15. Now, verify your prediction by examining the prediction made using small_model.

Evaluating accuracy of the decision tree model

Recall that the accuracy is defined as follows:

$$\mbox{accuracy} = \dfrac{\mbox{# correctly classified data points}}{\mbox{# total data points}}$$

16. Evaluate the accuracy of small_model and decision_tree_model on the training data. (Hint: if you are using scikit-learn, you can use the .score() method)

Checkpoint: You should see that the small_model performs worse than the decision_tree_model on the training data.

17. Now, evaluate the accuracy of the small_model and decision_tree_model on the entire validation _data , not just the subsample considered above.

Quiz Question: What is the accuracy of decision_tree_model on the validation set, rounded to the nearest .01?

Evaluating accuracy of a complex decision tree model

Here, we will train a large decision tree with max_depth =10. This will allow the learned tree to become very deep, and result in a very complex model. Recall that in lecture, we prefer simpler models with similar predictive power. This will be an example of a more complicated model which has similar predictive power, i.e. something we don't want.

18. Using sklearn.tree.DecisionTreeClassifier , train a decision tree with maximum depth = 10. Call this model big_model .

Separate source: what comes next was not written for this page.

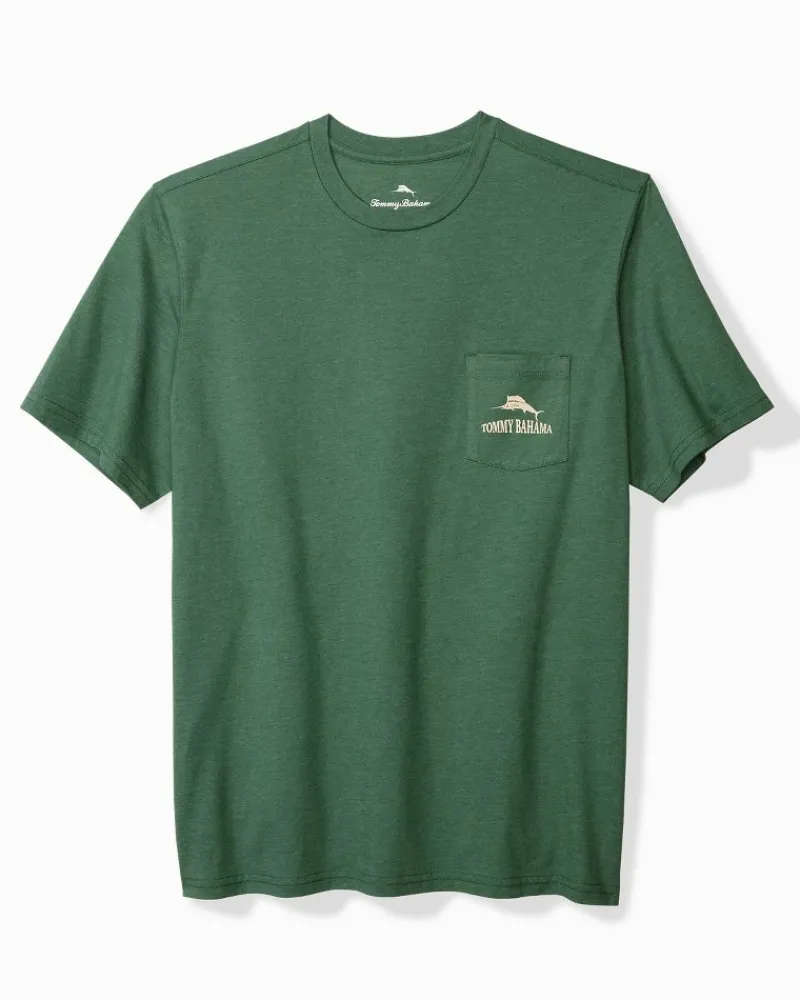 Tommy Bahama Between the Ryes Graphic Pocket T-Shirt Green Meadow Heather Clearance

19. Evaluate the accuracy of big_model on the training set and validation set.

Checkpoint : We should see that big_model has even better performance on the training set than decision_tree_model did on the training set.

Quiz Question: How does the performance of big_model on the validation set compare to decision_tree_model on the validation set? Is this a sign of overfitting?

Quantifying the cost of mistakes

Every mistake the model makes costs money. In this section, we will try and quantify the cost each mistake made by the model. Assume the following:

Let's write code that can compute the cost of mistakes made by the model. Complete the following 4 steps:

  1. First, let us compute the predictions made by the model.

  2. Second, compute the number of false positives.

  3. Third, compute the number of false negatives.

  4. Finally, compute the cost of mistakes made by the model by adding up the costs of true positives and false positves.

Quiz Question : Let's assume that each mistake costs us money: a false negative costs $10,000, while a false positive positive costs $20,000. What is the total cost of mistakes made by decision_tree_model on validation_data?